● **Task to complete**
In the entries below, find the lines that contain the word "classique" and copy them.

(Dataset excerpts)
● ● ● ● ● ● ●
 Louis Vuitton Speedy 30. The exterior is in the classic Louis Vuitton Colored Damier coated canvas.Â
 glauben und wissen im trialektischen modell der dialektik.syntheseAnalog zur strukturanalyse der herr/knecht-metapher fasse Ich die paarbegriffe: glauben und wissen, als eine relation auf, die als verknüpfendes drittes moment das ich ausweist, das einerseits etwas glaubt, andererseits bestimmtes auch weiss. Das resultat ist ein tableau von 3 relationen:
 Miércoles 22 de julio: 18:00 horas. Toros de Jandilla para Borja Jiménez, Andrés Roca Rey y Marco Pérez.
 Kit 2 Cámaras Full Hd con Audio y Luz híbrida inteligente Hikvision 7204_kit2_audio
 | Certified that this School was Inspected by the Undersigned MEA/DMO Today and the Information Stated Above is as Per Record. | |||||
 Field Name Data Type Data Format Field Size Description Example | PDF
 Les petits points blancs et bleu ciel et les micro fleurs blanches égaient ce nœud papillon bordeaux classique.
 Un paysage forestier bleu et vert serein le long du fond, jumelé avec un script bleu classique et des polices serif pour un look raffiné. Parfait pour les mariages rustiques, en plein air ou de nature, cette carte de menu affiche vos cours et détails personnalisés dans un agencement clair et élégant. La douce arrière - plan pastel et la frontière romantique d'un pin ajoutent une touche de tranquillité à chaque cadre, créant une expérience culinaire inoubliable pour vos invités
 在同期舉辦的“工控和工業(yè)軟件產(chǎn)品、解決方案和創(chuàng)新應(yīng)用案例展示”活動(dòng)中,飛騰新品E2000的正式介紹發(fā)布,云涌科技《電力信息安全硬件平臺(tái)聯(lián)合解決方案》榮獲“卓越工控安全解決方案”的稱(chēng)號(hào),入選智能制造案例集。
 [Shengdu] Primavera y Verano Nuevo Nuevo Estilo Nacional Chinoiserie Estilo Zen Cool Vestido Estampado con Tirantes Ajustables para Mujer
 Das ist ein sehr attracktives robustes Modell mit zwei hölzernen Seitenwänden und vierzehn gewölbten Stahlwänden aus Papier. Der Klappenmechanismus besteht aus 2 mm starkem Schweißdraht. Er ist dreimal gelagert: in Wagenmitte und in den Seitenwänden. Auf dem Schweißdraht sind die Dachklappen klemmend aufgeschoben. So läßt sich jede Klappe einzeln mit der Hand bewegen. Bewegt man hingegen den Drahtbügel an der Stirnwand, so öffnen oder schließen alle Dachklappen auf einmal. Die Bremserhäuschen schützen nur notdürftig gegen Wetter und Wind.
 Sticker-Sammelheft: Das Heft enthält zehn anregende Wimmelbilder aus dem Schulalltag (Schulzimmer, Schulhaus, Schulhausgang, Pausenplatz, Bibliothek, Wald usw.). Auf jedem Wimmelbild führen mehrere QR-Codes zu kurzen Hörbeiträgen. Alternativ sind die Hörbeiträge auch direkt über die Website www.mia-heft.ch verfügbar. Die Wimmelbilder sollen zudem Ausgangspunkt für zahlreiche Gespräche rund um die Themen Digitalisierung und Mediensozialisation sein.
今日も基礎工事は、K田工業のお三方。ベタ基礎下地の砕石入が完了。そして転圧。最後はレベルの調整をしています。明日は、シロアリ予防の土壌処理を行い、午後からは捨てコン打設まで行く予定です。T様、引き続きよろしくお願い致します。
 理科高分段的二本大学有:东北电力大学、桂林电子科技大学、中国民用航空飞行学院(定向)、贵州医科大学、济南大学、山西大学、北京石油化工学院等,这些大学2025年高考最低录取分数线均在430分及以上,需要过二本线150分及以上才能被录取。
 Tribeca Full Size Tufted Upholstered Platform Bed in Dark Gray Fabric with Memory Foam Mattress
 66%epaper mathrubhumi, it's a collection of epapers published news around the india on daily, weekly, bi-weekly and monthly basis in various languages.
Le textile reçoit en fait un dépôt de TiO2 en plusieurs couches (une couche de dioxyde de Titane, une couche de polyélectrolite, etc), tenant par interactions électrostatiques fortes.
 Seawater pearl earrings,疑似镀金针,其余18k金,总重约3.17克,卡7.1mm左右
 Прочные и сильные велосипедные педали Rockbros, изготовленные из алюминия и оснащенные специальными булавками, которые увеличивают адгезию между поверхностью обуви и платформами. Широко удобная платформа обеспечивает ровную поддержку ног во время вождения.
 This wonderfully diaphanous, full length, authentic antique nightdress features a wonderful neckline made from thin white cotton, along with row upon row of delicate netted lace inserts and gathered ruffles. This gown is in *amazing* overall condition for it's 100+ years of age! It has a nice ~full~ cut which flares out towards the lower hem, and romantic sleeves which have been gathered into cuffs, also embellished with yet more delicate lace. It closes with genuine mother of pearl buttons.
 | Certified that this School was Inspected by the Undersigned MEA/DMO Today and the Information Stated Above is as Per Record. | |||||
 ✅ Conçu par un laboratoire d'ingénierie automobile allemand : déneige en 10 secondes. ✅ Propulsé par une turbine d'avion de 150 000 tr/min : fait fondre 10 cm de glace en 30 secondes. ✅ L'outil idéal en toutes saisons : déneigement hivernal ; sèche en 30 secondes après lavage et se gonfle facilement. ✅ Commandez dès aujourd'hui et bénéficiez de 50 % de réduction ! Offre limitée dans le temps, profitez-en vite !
● ● ● ● ● ● ●
● **Result of this exercise**
 Les petits points blancs et bleu ciel et les micro fleurs blanches égaient ce nœud papillon bordeaux classique.
 Un paysage forestier bleu et vert serein le long du fond, jumelé avec un script bleu classique et des polices serif pour un look raffiné. Parfait pour les mariages rustiques, en plein air ou de nature, cette carte de menu affiche vos cours et détails personnalisés dans un agencement clair et élégant. La douce arrière - plan pastel et la frontière romantique d'un pin ajoutent une touche de tranquillité à chaque cadre, créant une expérience culinaire inoubliable pour vos invités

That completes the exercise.